• _Required work_
Give back the line where "天空(中国)锅炉排放污染物指" appears and all the lines after it until the listing ends, unchanged and with nothing else.

• _Data extract_
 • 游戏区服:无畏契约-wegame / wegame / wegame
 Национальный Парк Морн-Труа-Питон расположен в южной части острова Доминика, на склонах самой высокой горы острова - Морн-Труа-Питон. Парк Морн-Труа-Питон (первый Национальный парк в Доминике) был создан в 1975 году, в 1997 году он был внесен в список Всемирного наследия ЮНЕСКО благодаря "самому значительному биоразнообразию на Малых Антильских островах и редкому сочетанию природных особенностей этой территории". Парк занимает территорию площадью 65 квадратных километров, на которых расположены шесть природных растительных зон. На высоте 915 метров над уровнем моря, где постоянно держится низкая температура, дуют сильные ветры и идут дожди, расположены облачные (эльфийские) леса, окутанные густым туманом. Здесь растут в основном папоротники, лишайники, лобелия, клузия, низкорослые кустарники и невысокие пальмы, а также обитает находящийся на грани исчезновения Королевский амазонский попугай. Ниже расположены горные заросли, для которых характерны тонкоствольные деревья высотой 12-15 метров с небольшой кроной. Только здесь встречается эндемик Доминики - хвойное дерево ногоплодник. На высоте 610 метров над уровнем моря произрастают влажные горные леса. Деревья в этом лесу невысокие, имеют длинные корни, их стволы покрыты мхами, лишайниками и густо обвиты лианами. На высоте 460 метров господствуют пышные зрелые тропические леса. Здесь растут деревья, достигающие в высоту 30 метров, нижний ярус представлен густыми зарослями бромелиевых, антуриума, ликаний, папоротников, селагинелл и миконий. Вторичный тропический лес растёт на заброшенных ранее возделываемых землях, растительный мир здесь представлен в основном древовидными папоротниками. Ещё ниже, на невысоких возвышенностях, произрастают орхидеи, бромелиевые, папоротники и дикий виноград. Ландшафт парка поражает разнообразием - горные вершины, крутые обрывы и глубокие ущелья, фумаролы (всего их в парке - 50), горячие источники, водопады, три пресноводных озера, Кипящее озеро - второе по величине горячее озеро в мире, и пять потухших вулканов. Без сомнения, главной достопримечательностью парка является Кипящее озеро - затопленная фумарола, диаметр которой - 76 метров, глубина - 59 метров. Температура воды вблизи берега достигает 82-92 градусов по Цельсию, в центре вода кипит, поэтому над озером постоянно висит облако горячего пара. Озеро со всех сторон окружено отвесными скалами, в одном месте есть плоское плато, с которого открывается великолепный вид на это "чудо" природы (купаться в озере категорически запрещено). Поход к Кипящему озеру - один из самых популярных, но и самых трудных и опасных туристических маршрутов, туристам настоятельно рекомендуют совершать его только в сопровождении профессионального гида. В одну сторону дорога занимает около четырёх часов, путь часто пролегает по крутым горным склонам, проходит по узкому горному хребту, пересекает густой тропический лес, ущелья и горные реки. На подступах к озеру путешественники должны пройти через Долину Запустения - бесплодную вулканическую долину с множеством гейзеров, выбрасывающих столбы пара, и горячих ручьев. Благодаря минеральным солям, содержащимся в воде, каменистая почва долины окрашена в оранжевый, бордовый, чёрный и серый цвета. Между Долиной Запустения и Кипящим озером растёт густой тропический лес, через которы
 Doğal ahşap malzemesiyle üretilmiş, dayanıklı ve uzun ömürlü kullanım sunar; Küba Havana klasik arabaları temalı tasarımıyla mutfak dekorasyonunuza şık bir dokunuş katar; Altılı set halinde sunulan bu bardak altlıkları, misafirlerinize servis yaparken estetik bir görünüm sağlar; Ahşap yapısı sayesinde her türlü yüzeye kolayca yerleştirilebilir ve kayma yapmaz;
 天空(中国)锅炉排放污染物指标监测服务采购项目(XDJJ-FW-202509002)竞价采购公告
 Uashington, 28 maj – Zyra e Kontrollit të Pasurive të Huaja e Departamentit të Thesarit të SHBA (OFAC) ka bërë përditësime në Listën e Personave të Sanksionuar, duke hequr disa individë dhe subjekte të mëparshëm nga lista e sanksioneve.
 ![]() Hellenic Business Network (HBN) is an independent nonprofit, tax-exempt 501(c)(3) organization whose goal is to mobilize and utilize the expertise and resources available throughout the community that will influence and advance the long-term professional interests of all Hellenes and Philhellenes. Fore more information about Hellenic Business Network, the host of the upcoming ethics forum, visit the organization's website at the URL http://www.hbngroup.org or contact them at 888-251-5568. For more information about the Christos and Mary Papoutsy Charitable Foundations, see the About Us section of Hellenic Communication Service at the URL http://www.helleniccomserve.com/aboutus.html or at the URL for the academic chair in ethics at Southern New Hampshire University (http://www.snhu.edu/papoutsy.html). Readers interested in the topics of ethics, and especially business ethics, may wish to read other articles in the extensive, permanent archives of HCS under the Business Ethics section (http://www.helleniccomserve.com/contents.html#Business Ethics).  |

• _Result for this task_
 天空(中国)锅炉排放污染物指标监测服务采购项目(XDJJ-FW-202509002)竞价采购公告
 Uashington, 28 maj – Zyra e Kontrollit të Pasurive të Huaja e Departamentit të Thesarit të SHBA (OFAC) ka bërë përditësime në Listën e Personave të Sanksionuar, duke hequr disa individë dhe subjekte të mëparshëm nga lista e sanksioneve.
 ![]() Hellenic Business Network (HBN) is an independent nonprofit, tax-exempt 501(c)(3) organization whose goal is to mobilize and utilize the expertise and resources available throughout the community that will influence and advance the long-term professional interests of all Hellenes and Philhellenes. Fore more information about Hellenic Business Network, the host of the upcoming ethics forum, visit the organization's website at the URL http://www.hbngroup.org or contact them at 888-251-5568. For more information about the Christos and Mary Papoutsy Charitable Foundations, see the About Us section of Hellenic Communication Service at the URL http://www.helleniccomserve.com/aboutus.html or at the URL for the academic chair in ethics at Southern New Hampshire University (http://www.snhu.edu/papoutsy.html). Readers interested in the topics of ethics, and especially business ethics, may wish to read other articles in the extensive, permanent archives of HCS under the Business Ethics section (http://www.helleniccomserve.com/contents.html#Business Ethics).  |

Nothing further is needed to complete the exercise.